BRIEF:
Read the records below and report each line in which "romande" occurs.

Data records
▼

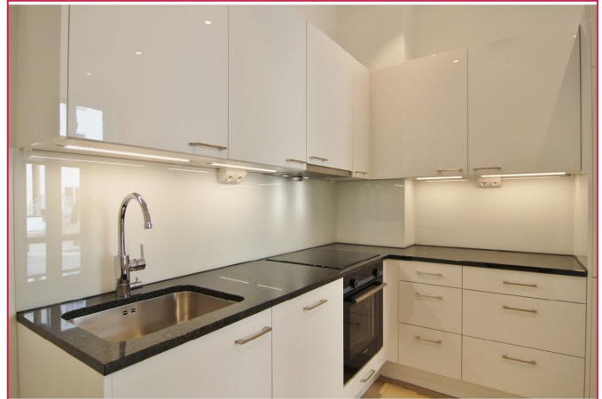
Kjøkkenet med lyse fronter og integrerte hvitevarer. Åpen løsning mot stue.
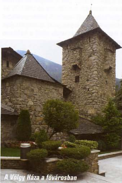
A Völgy Háza a fővárosban

„Mennyi cigarettát hoznak?” – kérdezte egy fiatal spanyol vámos, amikor a határra érkezünk. „Semmit, csak a Coma Pedrosán voltunk.” – válaszoltam. A hegy nevének említése varázserővel bírt. Épp csak rápillantottak a csomagunkra, és már indulhattunk is vissza Barcelonába. Rövid látogatásunk aligha járult hozzá számottevően Andorra gazdaságának felvirágzásához, a kedvező adózási lehetőségeket azonban sokan kihasználják. Ki kicsiben – ki nagyban. Talán nem véletlen, hogy szinte minden nagy gazdasági potenciállal rendelkező állam szomszédságában megbújik egy kis „Andorra.” Legfeljebb a neve más... ■
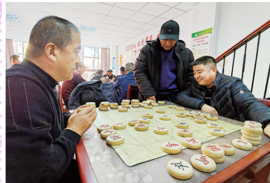
居民在永宁县望远镇西位社区老年活动室下棋。
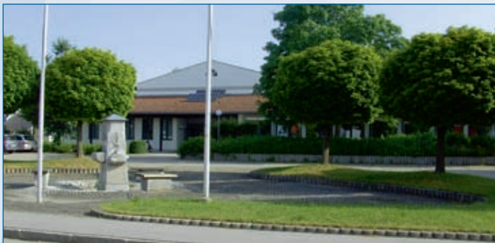
Schule und Schulbrunnen Falkenberg
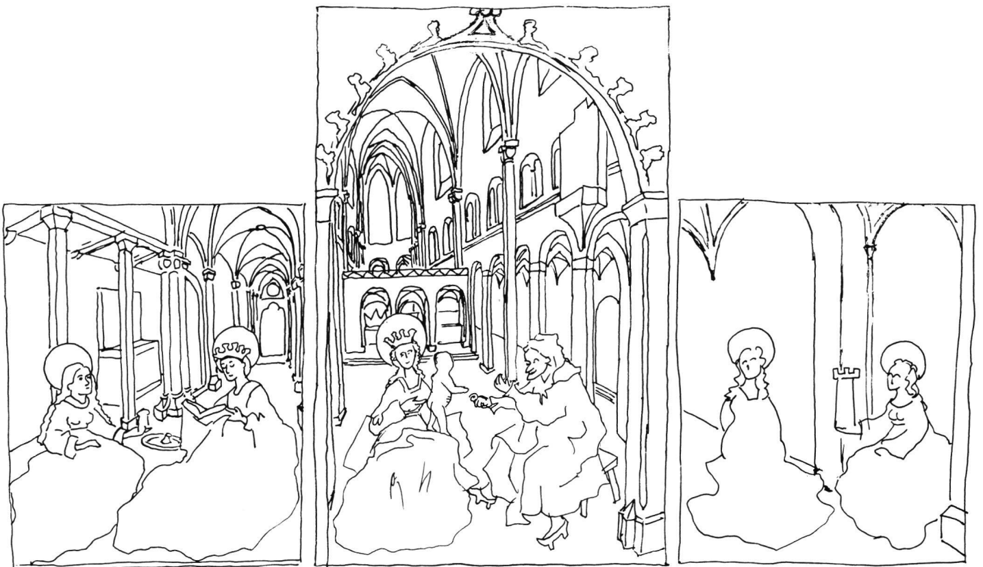
Fig. 7 La Vierge à l'Enfant entourée de saints, triptyque, Konrad Witz (reconstitution).

choisi de reproduire la partie centrale de la composition de Witz. S'il l'avait fait littéralement, il aurait transformé une sacra conversazione en sainte Famille et la position de la Vierge serait devenue un non-sens. Il reprit donc le personnage de sainte Catherine, y ajouta une sainte Barbe qui se trouvait éventuellement dans le panneau droit, et les incorpora au groupe central. En plus, il abandonna le type de la Madone d'Olsberg au profit d'un autre modèle witzien, celui de la Vierge lisant , afin de caler la composition vers le centre et d'éviter que la Vierge ne détourne le regard. Il est enfin possible que la vue de ville du tableau de Naples s'inspire librement de celle du panneau de Strasbourg.
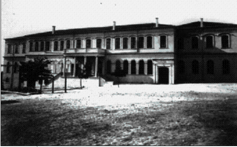
Harp Okulu - İstanbul
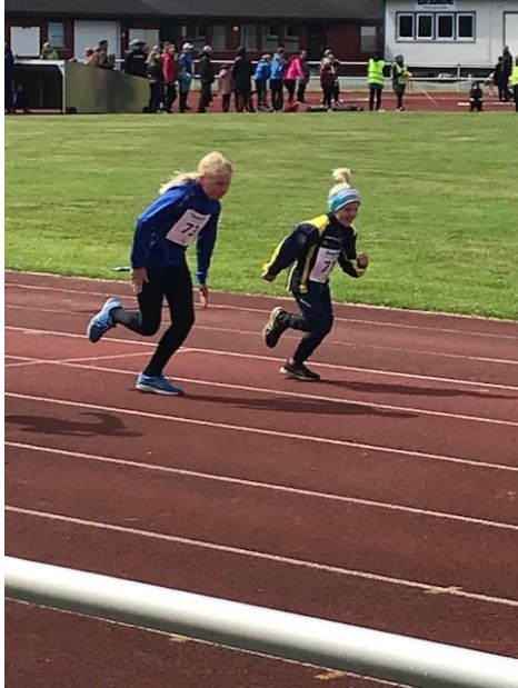
Fra T-A sprint/Moan-stevne 13.juni.
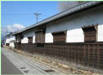
※10年以上の一般公開を行うもの 三重県 亀山市
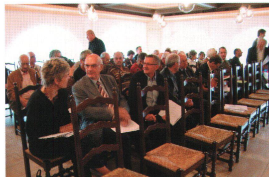
Les membres de l'ASH romande lors de l'AG à Yverdon-les-Bains.

La section romande devait également nommer pour une nouvelle période législative de 3 ans ses repré-
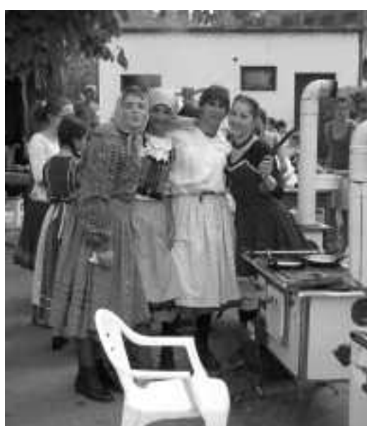
...ahol fiúk is csak lányruhában lehettek
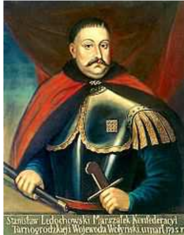
Marszałek Stanisław Ledóchowski

Wbrew powtarzanym w historiografii poglądom, Piotr I nie był gwarantem traktatu warszawskiego, do czego nie dopuścili król i konfederaci. W dodatku zobowiązał się wyprowadzić swoje wojska po uspokojeniu się w Polsce sytuacji wewnętrznej, co uczynił w 1719 roku. Po Sejmie niemym nastął 15-letni okres pokoju i odbudowy gospodarki.
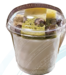
うみプリンパフェ
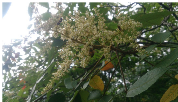
ミツバチが訪花している様子(ヌルデの花/9月)
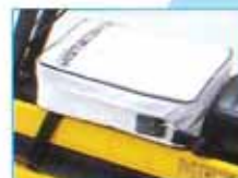
タンクバック 標準現金価格 ¥4,200
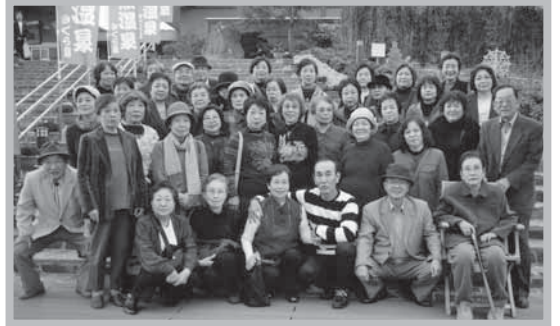
— ふれあいネットワーク企救丘研修旅行 — 平成22年11月25日大任町さくら街道で

* スローガンは「声かけて子どもの育つ企救丘」 「ふれあいネットワーク企救丘」は、「ふれあいネットワーク活動推進事業」の一環として、一人暮らしの高齢者との研修旅行を行っています。町内会長、民生委員、福祉協力員が、一人暮らしの高齢者と共にバス2台に分乗して日帰り研修旅行を実施し絆を深めています。
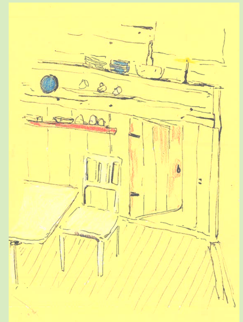
Skisse interior, Nørre Trollhøvd

Avleveringsmaterialet er veiledende og avhenger av prosjektets utvikling
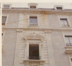
Das sanft renovierte Quartier des Grottes in Genf. Seite 78
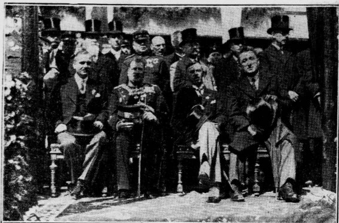
Najvišji dostojanstveniki na tribuni

Najmogočnejše slavje, kar jih je doživela bela Ljubljana — Slovesnost odkritja se je izvršila ob lepem vremenu in v vzornem redu — Impozanten sprevod po ljubljanskih ulicah
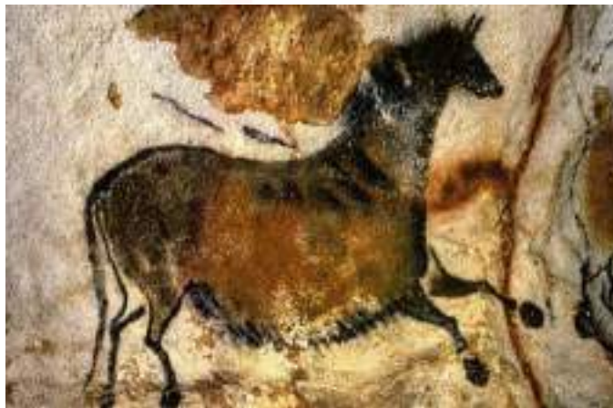
Görsel 1. Okla Vurulan Yabani At, Mağara Duvarı Resmi, Yaklaşık İÖ 1500, Lascaux Mağarası, Doraogne.

Sanatın işlevi, görevi, amacı ve sanattaki birtakım temsil biçimleri; insanlığın gelişmesine bağlı olarak değişerek günümüze ulaşmıştır. Sanat tarihine bakıldığında bu değişim ve farklılıkların göz önünde olduğu görülmektedir. Nitekim günümüze kadar farklı dönemlerde birçok farklı sanat akımının ortaya çıktığı görülmektedir. Sanatın geçirdiği bu dönüşümden beden tasvirlerinin temsili de etkilenmiştir. Resimde beden tasvirinin tarihi de yine sanat kadar eskidir.
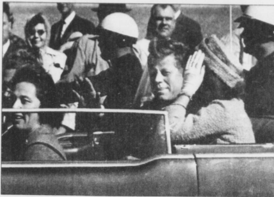
Une minute avant son arrivée au coin des rues Elm et Houston, le 22 novembre John F. Kennedy salue la foule.

sinat. Il fut tourné par Abraham Zapruder, un tailleur de Dallas, au moment où la limousine passait devant lui. Il montre Kennedy portant la main à la gorge lorsque la balle l'a atteint dans le dos. Le musée ne présente pas la suite du film.
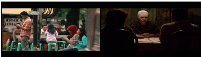
Gambar 7. Scene menunjukkan perjuangan Uje dan Pipik untuk menikah.

Rangkaian peristiwa setelah Uje bertaubat yang menunjukkan pesan pantang menyerah terdapat pada gambar 8. Pada analisis Metz gambar 8 merupakan bagian dari analisis ordinary sequence . Persepsi yang terbentuk dalam pemahaman Uje tentang pesan pantang menyerah terlihat pada pada gambar 8. Proses pemahaman tersebut termasuk dalam insight bergantung pada pengaturan secara eksperimental.
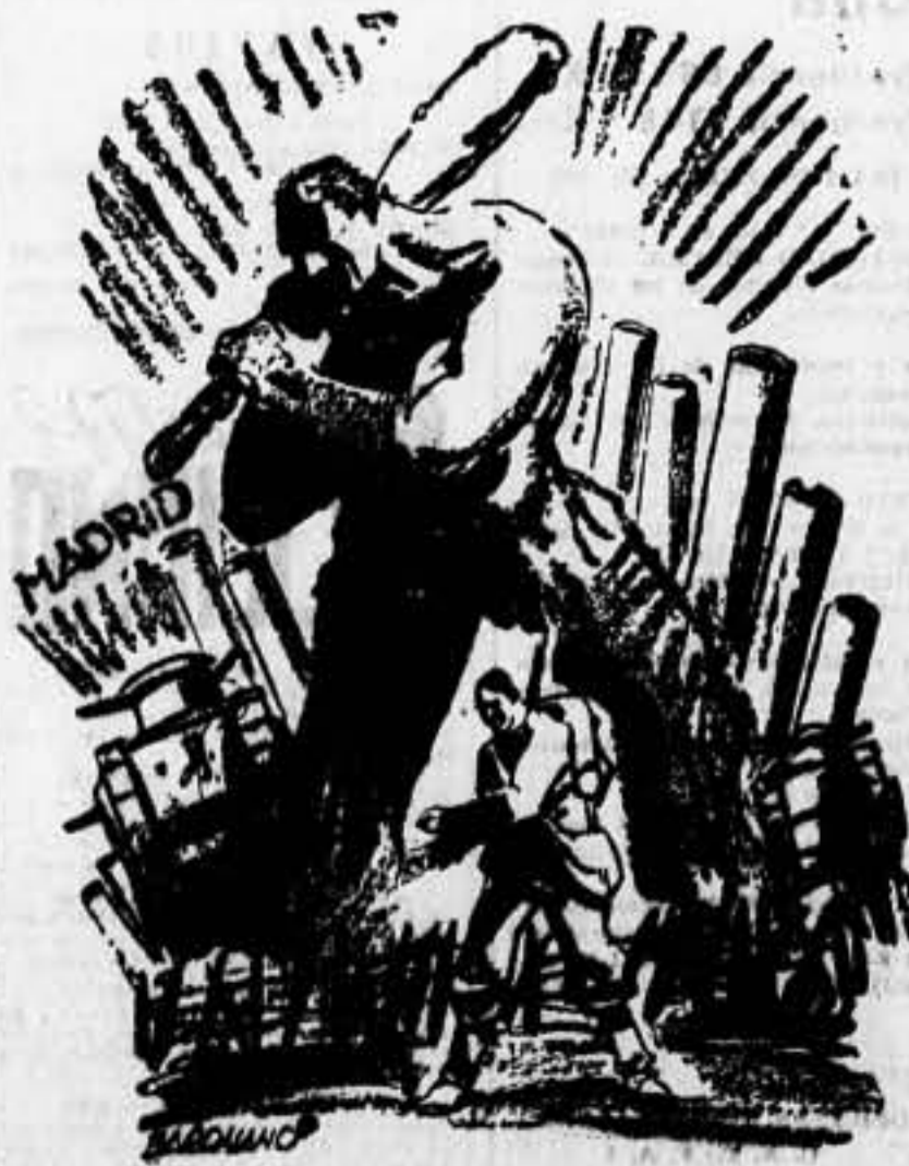
—¡Paese, señores, paese!

▲

RESPONSE:
Les membres de l'ASH romande lors de l'AG à Yverdon-les-Bains.
La section romande devait également nommer pour une nouvelle période législative de 3 ans ses repré-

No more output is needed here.